After collecting everyone’s payment, Thaddeus led the group over the cracked and uneven pavement toward the Springfield Baptist Church. He was pleased with the group as a whole. Ten clients was a respectable number, though he could have done without the know-it-all college student. Still, everyone else seemed to be getting into the spirit of the tour.

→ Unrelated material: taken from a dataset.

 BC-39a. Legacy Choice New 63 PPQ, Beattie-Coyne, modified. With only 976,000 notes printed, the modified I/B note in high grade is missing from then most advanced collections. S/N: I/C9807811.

Keondre, Keshaun and K.J. were the most enthused. The older boys delighted in scaring K.J. at every opportunity, while K.J. denied any sign that he was frightened. To escape his brothers, K.J. walked next to Thaddeus and launched even more questions at him about ghosts and the life of a soldier. Since he could no longer torment K.J, Keshaun decided to flirt. He decided to try his charms on Tiffany. He might only be 14 but he already had a reputation as a player at his high school and he certainly was not going to limit himself to just Lydia.

“Hey, hot mama, where you been all my life?” He waited for Tiffany to melt, knowing she wouldn’t be able to resist his golden brown eyes.

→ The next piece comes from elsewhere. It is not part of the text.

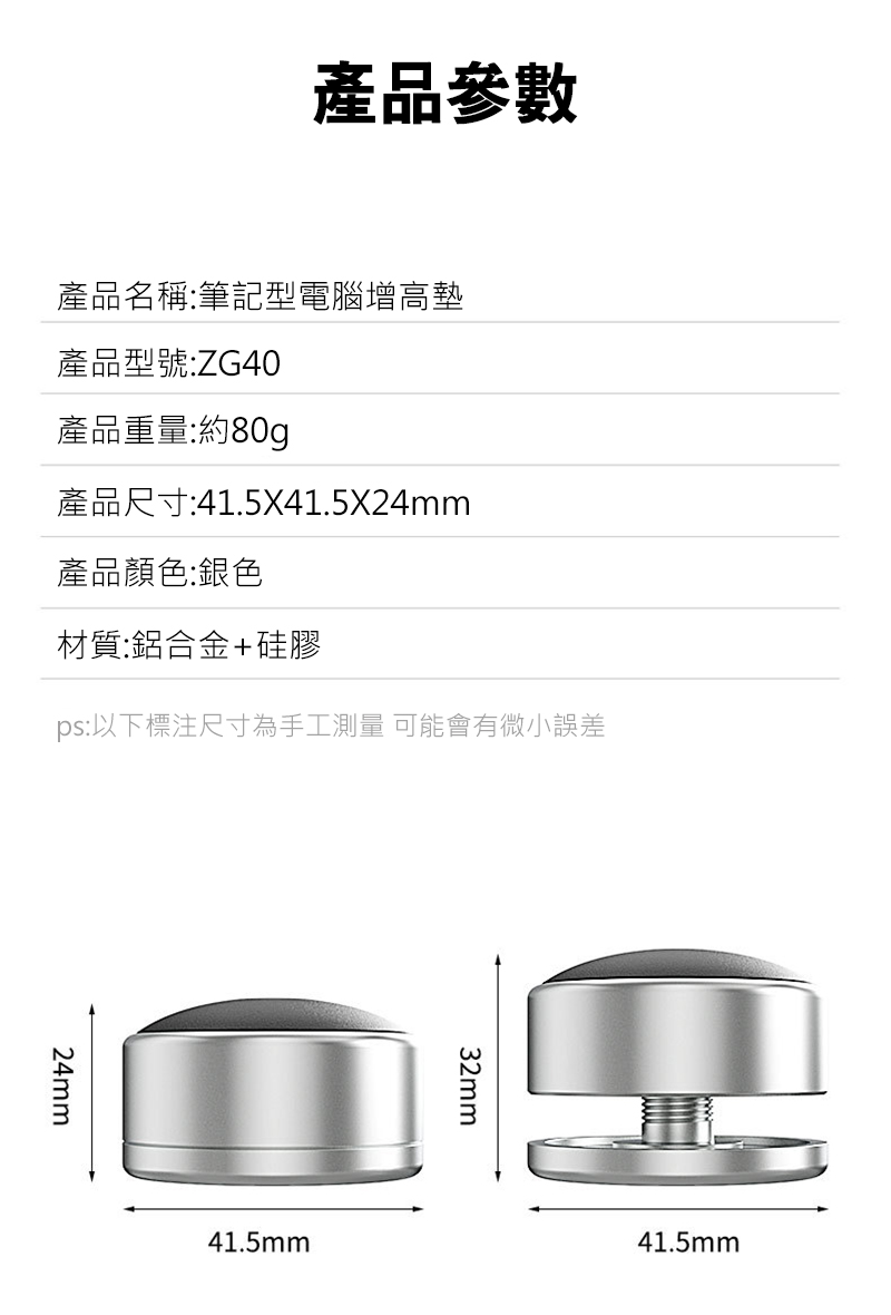 - ZG40 筆記型電腦散熱增高墊*1

Tiffany put on her pageant smile, which was her go to response whenever she was at a lost for the correct answer, and hoped the words would come to her when Pete rescued her from the awkward moment. Laughing, he held up her left hand so Keshaun could see the engagement ring. “Sorry, Romeo. This one’s taken.” Then he kissed her.

Keshaun didn’t doubt that he could steal Tiffany away from Pete but he decided to leave them alone and pursue Lydia. He knew she probably heard him chatting up Tiffany but he figured she would be thankful that he came back to her. “Sweetness, if you’re scared, you can hold on to me,” He flashed his lady-killer smile.

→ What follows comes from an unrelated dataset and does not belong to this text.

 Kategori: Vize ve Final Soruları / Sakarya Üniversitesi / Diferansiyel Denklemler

“You’re cute but it’s illegal for 20 year olds to ‘hold on to’ 14 year olds.”

“That’s only if people find out.” His persistence left Lydia speechless as she scrambled for a way to let him down gently. The three Marines laughed at her predicament. The tour was just starting and they were already entertained by the teenage Casanova chasing after Tiffany and Lydia.

As the group stopped in front of the church, K.J. continued to question Thaddeus. “Is that a gun holder?”

“It’s for a bayonet.”

“What’s a bayonet?”

“It’s a blade that goes on the end of a rifle.”

“Cool. Where’s your bayonet and rifle?”

“I left it at home.” Thaddeus flushed when he realized that the rest of the group had overheard. Several of them snickered, including Lydia and the Marines. Thaddeus took a composing breath and jumped into the telling of Springfield Baptist Church‘s history. “The church was founded in 1787 and had survived the Civil War and the Great Fire of 1916, so it made the perfect home for a ghost or two.” He knew he had the group captivated as he began to list the evidence that spirits continued to inhabit the building: unexplainable sounds, objects moving on their own, and strange voices.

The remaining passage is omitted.